● **PROBLEM**: Would you please repeat all of the data exactly, omitting the pictures?

● **RECORDED INFORMATION**:
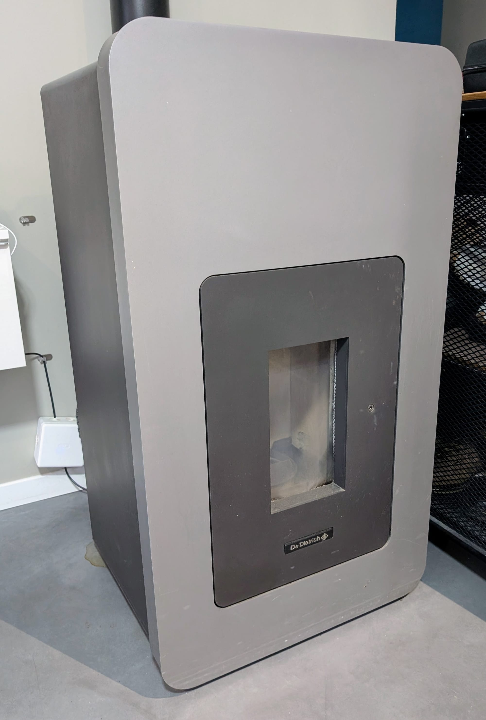 Le chauffage de la maison est assuré par un poêle à granulés de 8 kW, de marque DeDietrich, modèle Quadralis (clone de Oertli OPPA8 qui est un haas+Sohn rebrandé), datant de 2012, et ne disposant d'aucun élément de connectivité (un module propriétaire a existé, mais en GSM, très peu répandu et introuvable).
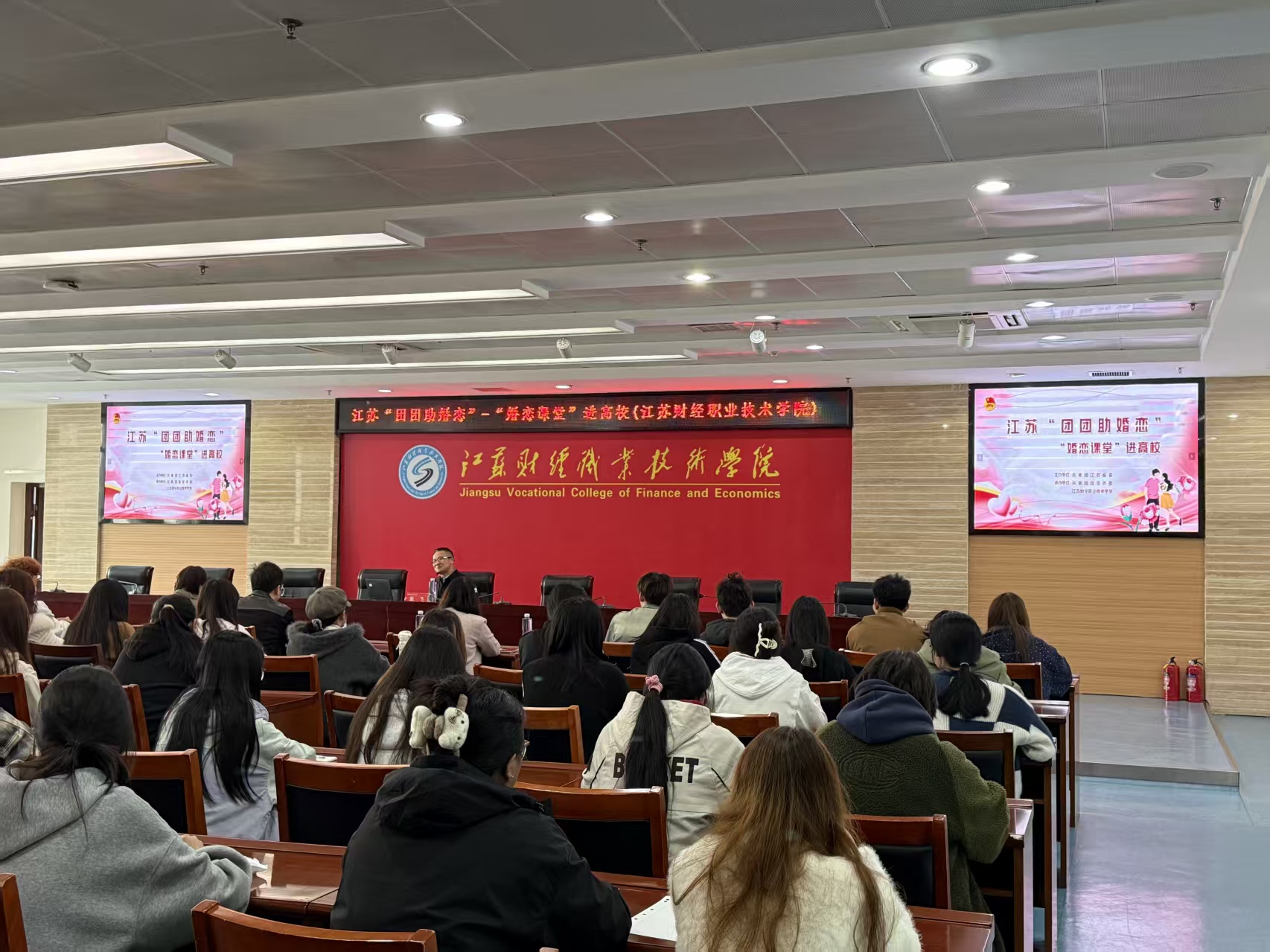 4月3日上午,由共青团江苏省委主办,共青团淮安市委、江苏财经职业技术学院联合承办的 “团团助婚恋” 婚恋课堂进高校专题讲座在我举行。本次讲座特别邀请殷飞教授担任主讲嘉宾,吸引了近百名在校学子齐聚现场,共同参与这场兼具实用性和温度的情感成长分享会。
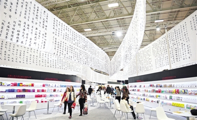 11月2日,在土耳其伊斯坦布尔,观众在中国主宾国展区内参观。第32届伊斯坦布尔国际书展2日开幕。中国以主宾国身份参展,并打出“新丝路,新篇章”的主题语。100多家中国出版企业携近年来发行的5000多种优秀出版物,展现中国文化艺术成就与魅力。 新华社记者 卢 哲摄

● **FINISHED TASK**:
 Le chauffage de la maison est assuré par un poêle à granulés de 8 kW, de marque DeDietrich, modèle Quadralis (clone de Oertli OPPA8 qui est un haas+Sohn rebrandé), datant de 2012, et ne disposant d'aucun élément de connectivité (un module propriétaire a existé, mais en GSM, très peu répandu et introuvable).
 4月3日上午,由共青团江苏省委主办,共青团淮安市委、江苏财经职业技术学院联合承办的 “团团助婚恋” 婚恋课堂进高校专题讲座在我举行。本次讲座特别邀请殷飞教授担任主讲嘉宾,吸引了近百名在校学子齐聚现场,共同参与这场兼具实用性和温度的情感成长分享会。
 11月2日,在土耳其伊斯坦布尔,观众在中国主宾国展区内参观。第32届伊斯坦布尔国际书展2日开幕。中国以主宾国身份参展,并打出“新丝路,新篇章”的主题语。100多家中国出版企业携近年来发行的5000多种优秀出版物,展现中国文化艺术成就与魅力。 新华社记者 卢 哲摄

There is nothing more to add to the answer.